Calibration metrics with bootstrap confidence intervals — because a bare ECE is not enough.
Project description
calibstats
Calibration metrics with confidence intervals — because a bare ECE number is not enough.
A model says it is 90% confident. Is it right 90% of the time? Calibration asks whether predicted probabilities match observed frequencies. The standard metric, ECE (Expected Calibration Error), is almost always reported as a single number — and that number is biased and noisy at the sample sizes real evals run on.
calibstats reports every metric as estimate ± CI, ships a bias-corrected
estimator, and adds reliability diagrams with confidence bands, post-hoc
recalibration, and subgroup-shift significance tests. It is framework-agnostic:
feed it (predicted_prob, label) arrays from any model.

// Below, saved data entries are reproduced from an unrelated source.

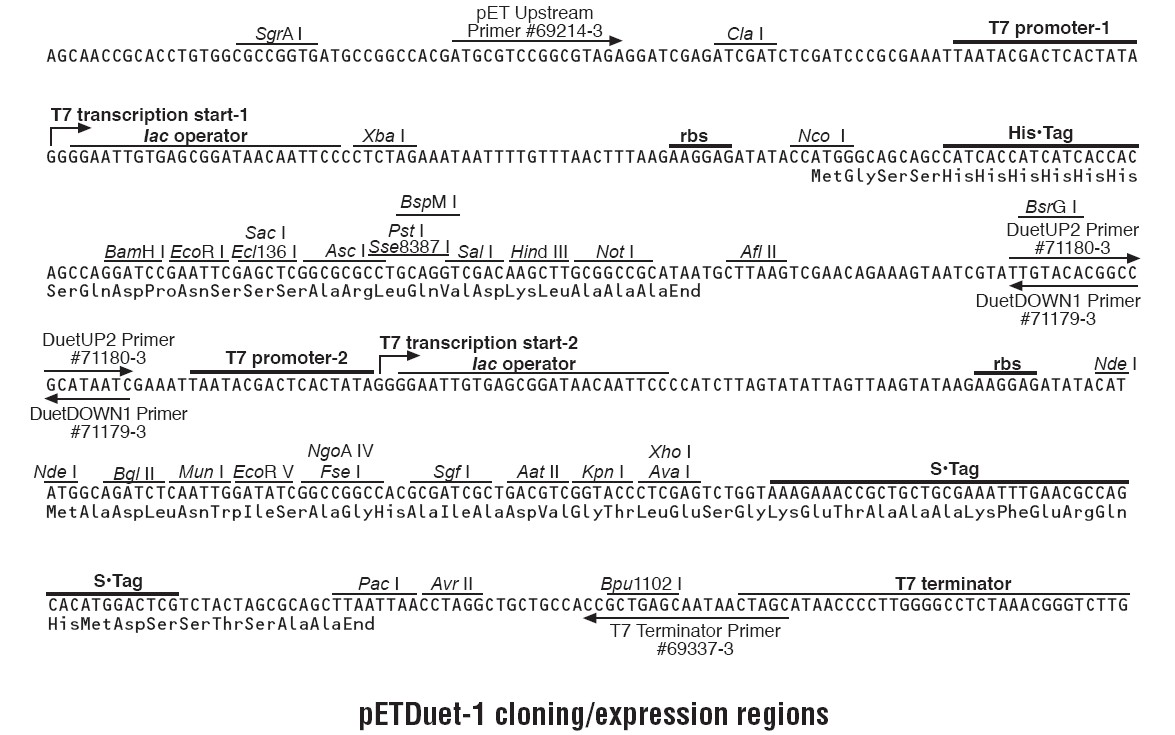 pETDuet-1載體被設(shè)計用來在大腸桿菌中同時表達兩個外源基因. 載體含有兩個多克隆位點,每一個多克隆位點是通過T7啟動子/Lac操縱子和一個核糖體結(jié)合位點組成。pETDuet-1攜帶有pBR322質(zhì)粒來源的ColE1復(fù)制子, lacI基因和氨芐抗性基因。本載體可以與pACYCDuet-1載體聯(lián)合使用,在合適的宿主菌中,可以一起共表達至多4個目的基因。插入在pETDuet-1載體多克隆位點1的目的基因可以使用pET Upstream 引物和DuetDOWN1 引物進行測序,插入在多克隆位點2的目的基因可以通過DuetUP2 引物 和T7 Terminator 引物進行目的基因測序。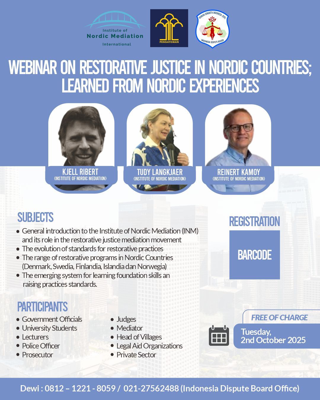 Indonesia Dispute Board Office akan menyelenggarakan Webinar bertajuk “Restorative Justice in Nordic Countries; Learned from Nordic Experiences” pada Selasa, 2 Oktober 2025.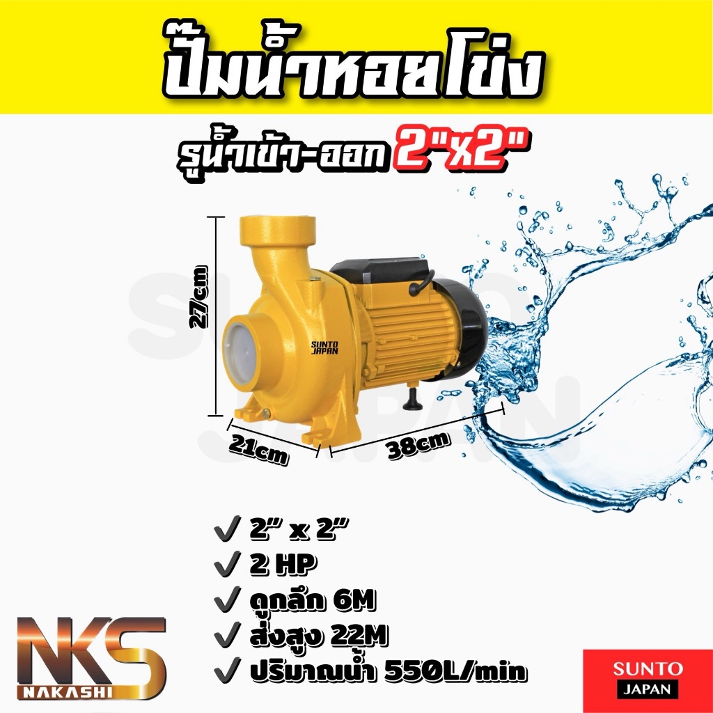 (P01) ปั๊มหอยโข่ง 2 นิ้ว 2 แรงม้า 220V ปั๊มน้ำไฟฟ้า ปั๊มน้ำ ใบพัดทองเหลือง เครื่องสูบน้ำ ปั้มสูบน้ำ
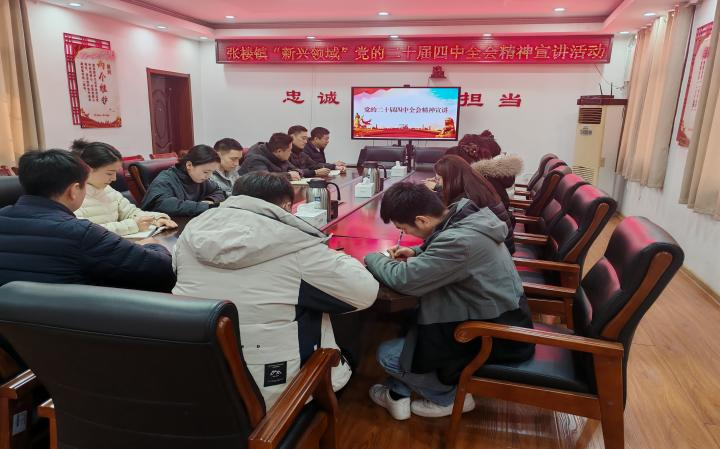 1月6日,微山县张楼镇开展新兴领域党的二十届四中全会精神宣讲活动,新兴领域党员、企业经营管理人员、骨干职工共学全会精神、共话发展方向。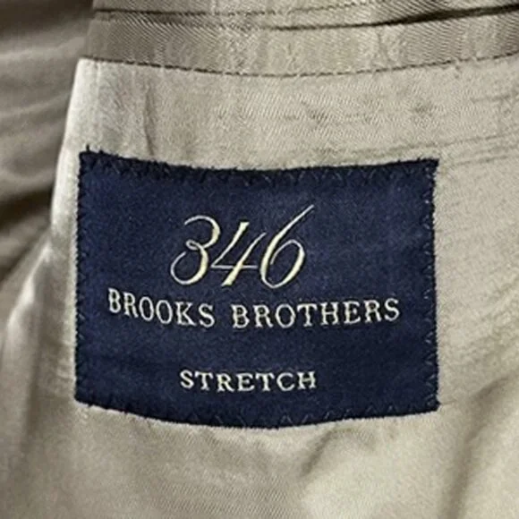 ***** PLEASE BUY WITH CONFIDENCE! HAS GRANTED US AMBASSADOR STATUS TO RECOGNIZE OUR CONSISTENTLY EXCELLENT QUALITY & CUSTOMER SERVICE *****This is a handsome brand new Brooks Brothers Dartmouth sportcoat! It´s styled in comfortable stretch cotton with a 2 button front and a single back vent for a classic silhouette. And the classic tan color goes with everything. This blazer is perfect for business or for a night out - it´ll have you looking great in comfort!I also have this sportcoat in a 2 button style in a separate listing.Available Sizes:38 Regular 44 Long48 LongMaterial: Cotton Stretch BlendColor is Tan3 Button Front4 Button Sleeves2 Pockets on Lower Front, 1 Chest PocketSingle Vent in Back is Still Sewn ClosedFully LinedHere are the Measurements for Each Size:38 Regular: Chest 40.5 Inches (20.25 Inches Pit to Pit), Sleeve Length 24.5 Inches, Length 30 Inches, Shoulder Width 18.5 Inches.44 Long: Chest 46 Inches (23 Inches Pit to Pit), Sleeve Length 25.75 Inches, Length 32.5 Inches, Shoulder Width 19.75 Inches.48 Long: Chest 50 Inches (25 Inches Pit to Pit), Sleeve Length 26.75 Inches, Length 33 Inches, Shoulder Width 20.5 Inches.

Why calibration needs confidence intervals
On a perfectly calibrated model (true ECE = 0), the plug-in ECE estimator
still reports 0.12 at n = 100 and 0.05 at n = 500. That is pure
estimator bias — the absolute value in |accuracy − confidence| cannot average
to zero from finite, noisy bins. So:
- An "ECE = 0.05" headline can mean a perfectly calibrated model at small n.
- ECEs are not comparable across papers unless n and bin count match.

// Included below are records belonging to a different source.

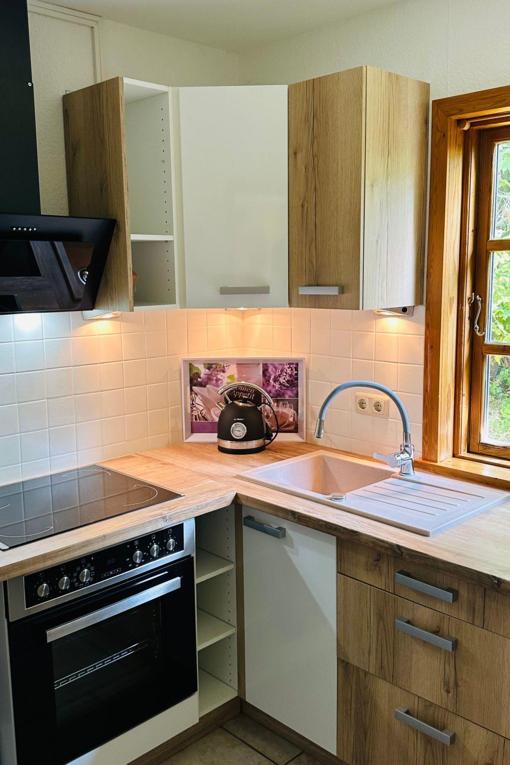 Das Innere des Ferienhauses besticht durch ein sorgfältig konzipiertes Raumangebot, das einen erholsamen Aufenthalt garantiert. Ein separates Schlafzimmer bietet den perfekten Rückzugsort nach einem Tag voller Entdeckungen. Hinzukommt ein großzügiges Wohnzimmer, das mit allem ausgestattet ist, was Ihr Herz begehrt. Die separate Küche ermöglicht es Ihnen, sich nach Lust und Laune kulinarisch auszuleben – unterstützt durch moderne Annehmlichkeiten wie eine Kaffeemaschine und einen Wasserkocher.
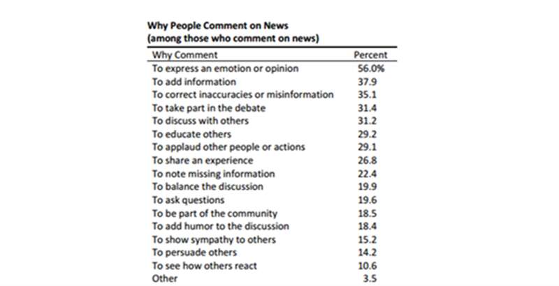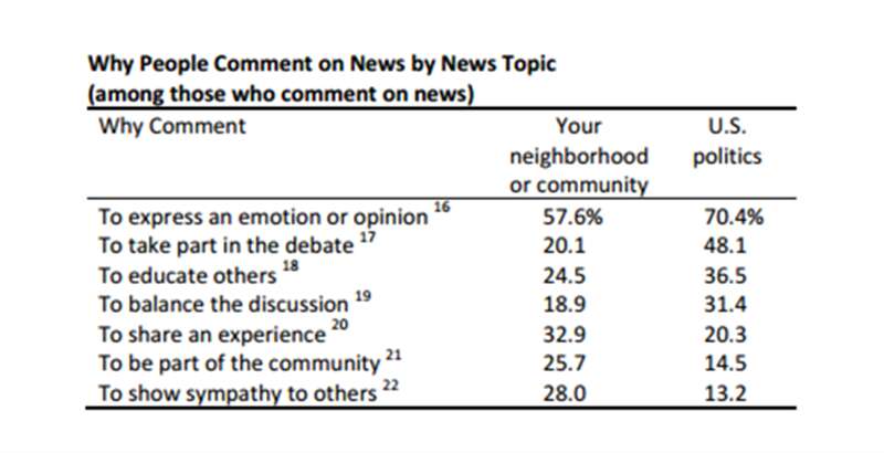 人们参与评论的原因,也与各自平时喜欢谈论的话题有关。比如,那些经常评论自己周边生活事件的人,会分享自己的经历,尽可能融入自己的社群,或者是表达对他人的关切。相比之下,那些经常评论美国政治类新闻的人会倾向于表达情感态度或者观点,有时会引发争论,或者是就某一话题展开讨论。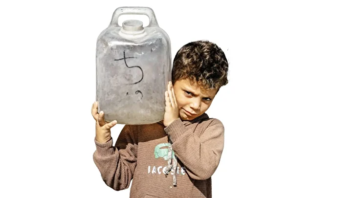 Gazze’deki Bureyj Mülteci Kampı’nda su arayışındaki bir Filistinli çocuk boş plastik bidonuyla yürüyor. Eğitim, oyun, çocuk haklarından uzak, dünyanın suçluluk sessizliğinde sadece bir damla su için minik bedenler büyüyor. Bu yükün utancı ise dünyanın üzerinde. (AA/Moiz Salhi)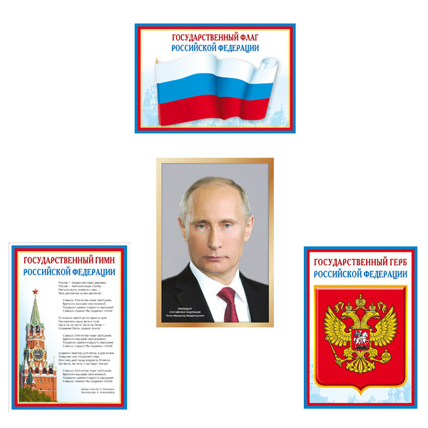 Комплект познавательных мини-плакатов. Российская символика: Флаг, Герб, Гимн, Президент (4 листа А4+, текст на обороте)

- A point estimate with no interval hides whether you have signal or noise — at n = 200 the 95% CI for ECE is ~0.10 wide, often wider than the value itself.
The fix is not exotic: attach a bootstrap CI, correct the bias, and test differences instead of eyeballing them. That is the whole pitch. See STUDY.md for the quantitative demonstration and figures.
Install
pip install calibstats # core (numpy, scipy)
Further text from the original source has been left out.